Collection entries:
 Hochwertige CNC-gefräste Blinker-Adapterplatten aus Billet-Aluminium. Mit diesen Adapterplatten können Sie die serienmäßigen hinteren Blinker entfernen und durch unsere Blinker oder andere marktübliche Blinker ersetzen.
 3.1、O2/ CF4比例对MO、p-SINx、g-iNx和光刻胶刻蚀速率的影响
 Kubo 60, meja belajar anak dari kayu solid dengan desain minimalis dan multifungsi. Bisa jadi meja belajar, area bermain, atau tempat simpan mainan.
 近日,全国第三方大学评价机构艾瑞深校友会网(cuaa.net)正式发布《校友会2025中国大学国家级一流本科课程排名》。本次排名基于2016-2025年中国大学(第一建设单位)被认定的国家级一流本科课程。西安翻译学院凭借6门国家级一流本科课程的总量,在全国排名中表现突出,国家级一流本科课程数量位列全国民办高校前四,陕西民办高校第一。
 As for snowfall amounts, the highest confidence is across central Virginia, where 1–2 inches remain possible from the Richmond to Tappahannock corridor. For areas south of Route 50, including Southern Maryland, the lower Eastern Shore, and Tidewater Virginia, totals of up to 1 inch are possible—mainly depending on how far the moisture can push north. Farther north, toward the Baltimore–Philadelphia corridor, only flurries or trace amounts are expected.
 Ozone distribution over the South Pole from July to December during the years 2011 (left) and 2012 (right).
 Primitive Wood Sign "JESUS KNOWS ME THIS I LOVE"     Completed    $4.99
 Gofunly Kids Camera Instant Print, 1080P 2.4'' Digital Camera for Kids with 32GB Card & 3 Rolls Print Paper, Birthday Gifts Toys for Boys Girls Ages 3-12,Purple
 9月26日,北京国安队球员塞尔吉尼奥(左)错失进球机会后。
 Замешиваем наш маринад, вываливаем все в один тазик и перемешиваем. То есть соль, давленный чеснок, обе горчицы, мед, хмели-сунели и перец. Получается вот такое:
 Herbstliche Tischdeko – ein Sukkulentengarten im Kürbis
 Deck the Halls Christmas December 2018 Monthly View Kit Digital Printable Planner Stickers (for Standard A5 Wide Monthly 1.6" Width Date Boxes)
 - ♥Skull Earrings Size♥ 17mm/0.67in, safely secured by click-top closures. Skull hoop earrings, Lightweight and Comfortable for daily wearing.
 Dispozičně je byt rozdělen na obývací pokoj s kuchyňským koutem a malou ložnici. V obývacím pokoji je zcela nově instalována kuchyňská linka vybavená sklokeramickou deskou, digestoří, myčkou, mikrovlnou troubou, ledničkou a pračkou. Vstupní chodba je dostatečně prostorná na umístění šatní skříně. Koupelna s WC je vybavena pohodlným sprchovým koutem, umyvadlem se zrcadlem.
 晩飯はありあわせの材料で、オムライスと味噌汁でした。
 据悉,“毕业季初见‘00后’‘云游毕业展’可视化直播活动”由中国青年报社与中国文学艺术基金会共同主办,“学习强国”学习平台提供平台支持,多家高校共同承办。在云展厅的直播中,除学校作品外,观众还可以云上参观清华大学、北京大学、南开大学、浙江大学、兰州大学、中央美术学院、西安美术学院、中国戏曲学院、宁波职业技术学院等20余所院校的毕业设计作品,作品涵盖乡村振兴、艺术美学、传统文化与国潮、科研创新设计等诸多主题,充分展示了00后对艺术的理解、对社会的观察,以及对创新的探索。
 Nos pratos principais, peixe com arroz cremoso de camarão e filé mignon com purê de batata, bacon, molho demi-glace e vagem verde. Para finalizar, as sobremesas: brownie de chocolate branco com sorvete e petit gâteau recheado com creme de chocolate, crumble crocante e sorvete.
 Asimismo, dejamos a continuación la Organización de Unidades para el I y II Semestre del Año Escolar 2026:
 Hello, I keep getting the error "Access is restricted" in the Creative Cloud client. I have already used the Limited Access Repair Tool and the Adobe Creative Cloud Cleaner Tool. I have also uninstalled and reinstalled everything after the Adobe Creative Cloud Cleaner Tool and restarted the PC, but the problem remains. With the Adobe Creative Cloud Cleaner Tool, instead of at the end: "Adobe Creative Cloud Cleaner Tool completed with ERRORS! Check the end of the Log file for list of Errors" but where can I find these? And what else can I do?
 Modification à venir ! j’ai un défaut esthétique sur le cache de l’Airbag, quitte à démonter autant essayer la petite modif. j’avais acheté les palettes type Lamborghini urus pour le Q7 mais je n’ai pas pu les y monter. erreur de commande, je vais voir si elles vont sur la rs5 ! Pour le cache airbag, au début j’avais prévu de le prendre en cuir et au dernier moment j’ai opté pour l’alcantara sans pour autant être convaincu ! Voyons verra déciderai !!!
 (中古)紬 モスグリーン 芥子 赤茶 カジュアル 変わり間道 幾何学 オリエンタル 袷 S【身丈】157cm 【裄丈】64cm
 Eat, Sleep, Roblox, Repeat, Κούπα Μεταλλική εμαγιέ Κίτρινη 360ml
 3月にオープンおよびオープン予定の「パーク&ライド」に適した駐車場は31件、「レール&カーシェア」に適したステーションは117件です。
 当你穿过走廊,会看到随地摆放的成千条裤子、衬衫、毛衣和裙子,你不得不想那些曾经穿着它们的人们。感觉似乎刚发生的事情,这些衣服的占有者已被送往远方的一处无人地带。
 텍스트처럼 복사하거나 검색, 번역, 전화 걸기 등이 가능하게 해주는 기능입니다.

▶ [What is being asked] Only lines of the data holding the word "where" go in the answer. Please copy each of them.

▶ [Reply to the task]
 As for snowfall amounts, the highest confidence is across central Virginia, where 1–2 inches remain possible from the Richmond to Tappahannock corridor. For areas south of Route 50, including Southern Maryland, the lower Eastern Shore, and Tidewater Virginia, totals of up to 1 inch are possible—mainly depending on how far the moisture can push north. Farther north, toward the Baltimore–Philadelphia corridor, only flurries or trace amounts are expected.
 Hello, I keep getting the error "Access is restricted" in the Creative Cloud client. I have already used the Limited Access Repair Tool and the Adobe Creative Cloud Cleaner Tool. I have also uninstalled and reinstalled everything after the Adobe Creative Cloud Cleaner Tool and restarted the PC, but the problem remains. With the Adobe Creative Cloud Cleaner Tool, instead of at the end: "Adobe Creative Cloud Cleaner Tool completed with ERRORS! Check the end of the Log file for list of Errors" but where can I find these? And what else can I do?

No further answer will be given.